In 1959, 14-year-old Rick Walters went to Long Beach with his dad to get a tattoo.
It wasn’t his first. At 10, he poked out “Born to Raise Hell” on his leg. He had already scrawled out so many hearts and crosses on himself and other neighborhood kids that Walters’ mother, he’d tell an interviewer decades later, “was just bummed.”
So father and son ended up at the Pike, Long Beach’s waterfront amusement zone that was also the tattoo capital of the West Coast. A professional put a black panther on Walters’ leg to cover up the teen’s crude attempts — and an acolyte was born.
Walters went on to tattoo at the Pike, eventually becoming the torchbearer for its history and vibe once the original pioneers died. As tattoos became mainstream, and a new generation of artists tried to reconnect with their trade’s outlaw days, they flocked to Walters for equipment advice and style tips as well as uproarious tales of years past, all told in his laconic, foul-mouthed style.
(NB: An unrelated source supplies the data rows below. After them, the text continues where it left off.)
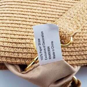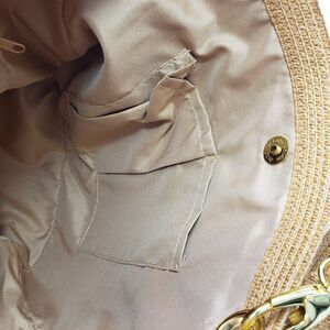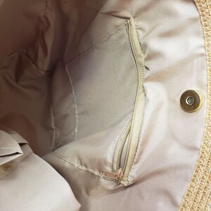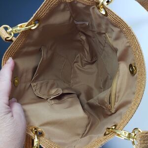 Multi-use size and style this bag would make a great purse or tote. Stitched straw/raffia material, seems like better quality construction. Metal grommets, strap attachment & feet make it both stylish and more durable. Color is most accurate in the second picture (at least by my monitor setting.) Lined in polyester with zippered and open pockets. Condition: Like new except for one small dark mark on the side, see photos. Bought at an estate sale, I believe this bag has never been used. Size: 12" h x 14" w at top x 4" d
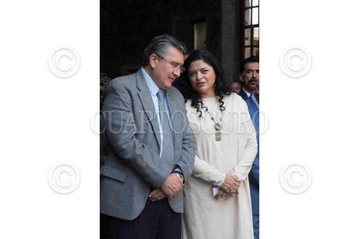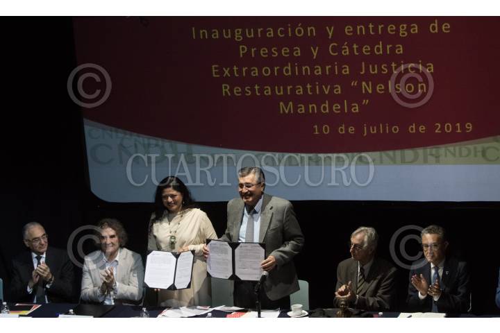 CIUDAD DE MÉXICO, 10JULIO2019.- Luis Raúl González Pérez, presidente de la CNDH, y Alejandra Frausto, secretaria de Cultura, durante la inauguración y entrega de Presea y Cátedra Extraordinaria Justicia Restaurativa "Nelson Mandela", en la Biblioteca de México. FOTO: MOISÉS PABLO /CUARTOSCURO.COM
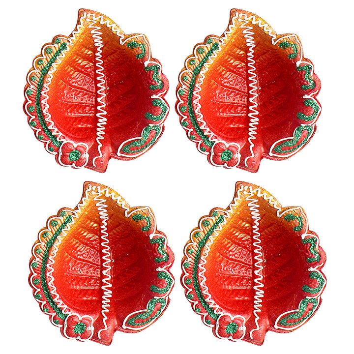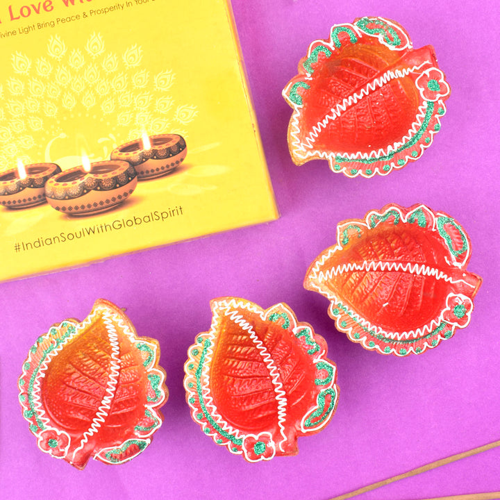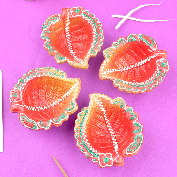 Leaf Design Celebrating Diwali with Clay Diyas Set of 4
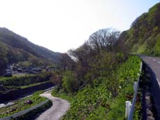 急カーブの連続にちょっと疲れてきた頃、今度はぐんぐんと下り勾配&カーブで標高が下がっていき、目の前に入り江が広がったところが福浦集落。確かに、周囲の山々と崖地を見渡しても、ここにしか人は住めませんねぇ。。。その入り江のわずかな平地に家が密集している感じの漁村にも、小中学校と簡易郵便局があるのでした。ある意味、外界から隔絶された空間でしょうから…。ここのおばちゃんは親切で、次の牛滝集落の簡易局に電話をしておいてくれると言う。時刻は既に15時過ぎ。おばちゃんによると牛滝まで45分はかかるそうで、局が閉まる16時ギリギリなんですぅー(^^;;
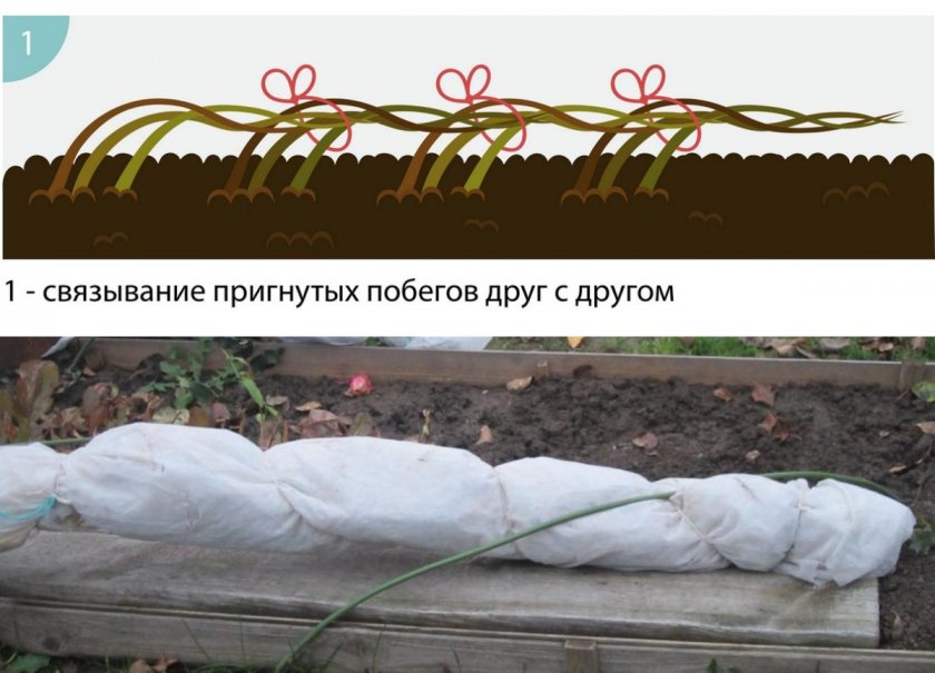 В средней и северной области, помимо пригибания к земле, кусты нужно утеплить защитным материалом. Особенно актуально это для тех регионов, где снега выпадает мало, но бывают сильные морозы и холодные ветра.

“Rick became a father- or grandfather-like figure for so much of the community,” says Josh Chesler, a journalist who interviewed Walters multiple times over the years and sports a Walters-inked rose on the inside of his ankle. (Note: Link contains profanity.) “No one who met Rick ever forgot him, and even those who never got the chance to meet him have heard his tales for long enough to draw inspiration and feel like they knew him.”
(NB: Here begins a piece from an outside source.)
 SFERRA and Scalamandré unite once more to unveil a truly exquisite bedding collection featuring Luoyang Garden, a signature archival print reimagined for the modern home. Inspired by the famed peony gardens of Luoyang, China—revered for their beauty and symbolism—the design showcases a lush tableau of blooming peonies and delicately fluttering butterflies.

Walters died on March 4. He was 73.
Born in Chicago, Walters grew up in the Hawthorne area and found work as a machinist and welder after high school. But in his off time, he tattooed at his house and haunted the Pike to learn under icons such as Bob Shaw, Owen Jensen and Hong Kong Tom.
After running his own shop in Gardena and moonlighting at others across the Southland, Walters came to Long Beach in 1978 to become the manager at Bert Grimm’s World Famous Tattoo, the oldest continuously operated tattoo parlor in the United States.
He arrived just as the Pike’s glory days were fading. The naval shipyards were dying, robbing tattooists of the sailors who had long served as their lifeblood. The parlors closed, one by one, until Bert Grimm’s — which at one point had 10 artists — was the last survivor, reduced to a staff of two full-timers.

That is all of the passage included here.